For a file to be an importable datafile, it must be a multiple line file, where each line has the same number of pieces of information, called elements. If there are N variables, every line must have N+1 elements. An element can be either a number, a symbol, or a string. A symbol is an unquoted group of keyboard characters containing no white space, while a string is a double-quoted group of characters which may contain white space. Symbols are converted to upper case, strings retain original case. Missing data elements are represented by the symbol nil or NIL, but NOT by the string "nil" (regardless of case).


TYPES OF LINES IN THE FILE

There are three types of lines which may appear in an importable datafile. These lines are called the NAMES, TYPES and DATA lines. While there is some flexibility (see below), it is recommended that the DATA lines be preceeded by a NAMES line and a TYPES line, each of which can only have elements which are character strings. Files which do not have these lines do not follow the recommended structure and may be more time consuming to process, or may not be importable.

  NAMES: The NAMES line, which is first, begins with a character string which specifies the name of the exporter and of the dataset. This string is a two-part string: The first part identifies the exporter and the second part names the file. The parts are separated by a colon. Thus, two examples are "ViSta:Cars" and "Excel:Fish". The line then continues with N more character strings which are used to define variable names. 
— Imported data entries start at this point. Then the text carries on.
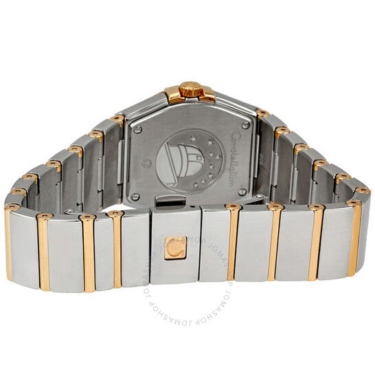 علبة من الفولاذ المقاوم للصدأ مع سوار من الفولاذ المقاوم للصدأ بقضبان من الذهب الوردي عيار 18 قيراطًا. إطار ثابت من الذهب الوردي عيار 18 قيراطًا مرصع بالألماس. ميناء من عرق اللؤلؤ مع عقارب ذهبية اللون وعلامات ساعات مرصعة بـ 12 ماسة. حركة كوارتز. كريستال ياقوت مقاوم للخدش. تاج قابل للضغط والسحب. غطاء خلفي صلب. قطر العلبة: 27 مم. سُمكها: 9 مم. مشبك قابل للطي بزر ضغط. مقاومة للماء حتى عمق 30 مترًا/100 قدم. الوظائف: الساعات، الدقائق. ساعة أوميغا كونستليشن نسائية بمينا ألماس 123.25.27.60.55.005.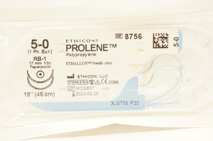 - Ethicon 8756 5-0 PROLENE, RB-1, 17mm 1/2c Taperpoint, 18inch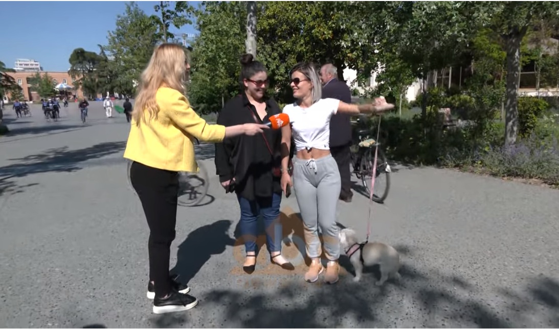 Gjatë intervistave të qytetarëve në sheshin “Skënderbej”, grupi i xhirimit të Abc News ka hasur edhe me dy vajza, njëra prej të cilave shprehet se ka dalë për të shëtitur qenin, kurse tjetra për të shkuar në farmaci.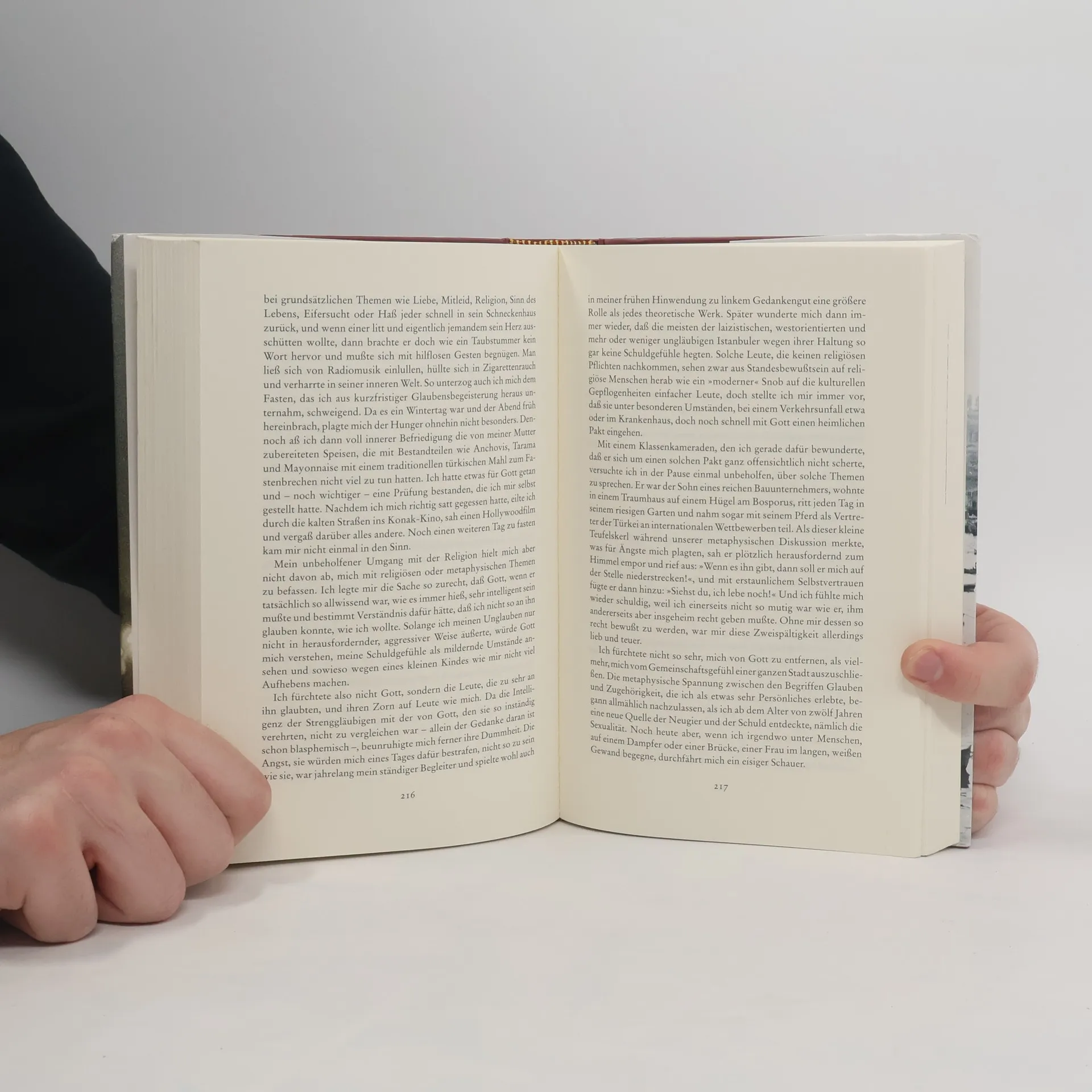 Dies Buch war mir auf einer Städtereise nach Istanbul sehr empfohlen worden. Es sollte mir quasi zur Nachbereitung und Vertiefung dieser mit sehr vielen Eindrücken angefüllten Kurzreise dienen. Mit dem Schreibstil von Orhan Pamuk habe ich allerdings einige Schwierigkeiten: er schreibt sehr lange, verschachtelte „Bandwurmsätze“, so dass ich häufig einen zweiten Anlauf für das Verständnis eines Satzes benötige. Da mir der Inhalt aber durchaus zusagt, werde ich es zu Ende lesen, muss es aber auch immer wieder einmal zur Seite legen. - Das mir zugesandte Exemplar ist übrigens in allerbestem Zustand!

  TYPES: The TYPES line, which is second, defines the dataset type (first) and the types of each variable (the rest). The NAMES and TYPES lines can only have elements which are character strings. The NAMES can be any string of characters. The DATA TYPES can be one of the following: "category", "univariate", \bivariate", "multivariate", "classification", "frequency", "freqclass", "crosstabs", "general", "missing", "symmetric" or "asymmetric".  . The VARIABLE TYPES can be either "category", "ordinal", or "numeric". Capitalization is ignored for all data and variable types.

  DATA: Each of the remaining lines of the file forms a row of the data. The first element of each row is a "label" which is used to identify a data observation (in the  case of "symmetric", or "asymmetric" data the label identifies a matrix of data). These first element of a row may be a string, symbol or number, but since labels are strings, the first element of a data line is converted to a string. The remaining elements of each line are the data. A data element must be a number if its' variable is "numeric", but can be a number, symbol or string if its' variable is a "category" variable.


THE MEANING OF NUMERIC ELEMENTS

Elements of numeric variables are numbers, and numbers carry different meanings in different situations. Depending on the data being imported, you may be asked to indicate what the numbers represent. The variety of meanings can be grouped together into three kinds of meanings, as follows: 

  QUANTITY: A number can represent the quantity or ammount of some characteristic. 

  FREQUENCY: A number can also represent the frequency of something, or the count of something. 

  ASSOCIATION: A number can also tell of the degree of association or correlation between two things, or the distance between a pair of things. 



TYPES OF IMPORTABLE FILES

  VISTA EXPORT FILES: Files which follow the recommended structure given above are called ViSta Export Files.

  ANONYMOUS EXPORT FILE: These files follow the recommended structure given above, but the first character string in the file is a one-part string. It is assumed that the string names the dataset, and does not identify the exporting program. 

  UNTYPED EXPORT FILE:  These files have only a NAMES line preceeding the DATA lines. No TYPES line appears. When a file has only one initial line with elements which are all character stings is assumed to be an untyped export file. For such a file it is assumed that the first column of values (i.e., the first value on each line) is a LABEL.  The data and variable TYPES are determined from the nature of the data (a variable is "numeric" if it only contains numbers, "category" otherwise). The dataset type is determined from the variable types.

  PLAIN EXPORT FILE: These files only have DATA lines. There is no NAMES or TYPES line. If the initial record of the file contains values other than strings (i.e., contains at least one number of symbol) the file is assumed to be a "Plain" export file. That is, it is assumed that the initial name and type records are absent, and that the first record contains data elements for the first row of data. The first element of each line is assumed to be a LABEL. Default values are used for the variable names, and the variable types are determined from the data (a variable is "numeric" if it only contains numbers, "category" otherwise). The dataset type is determined from the variable types. The datafile name is used as the name for the dataset.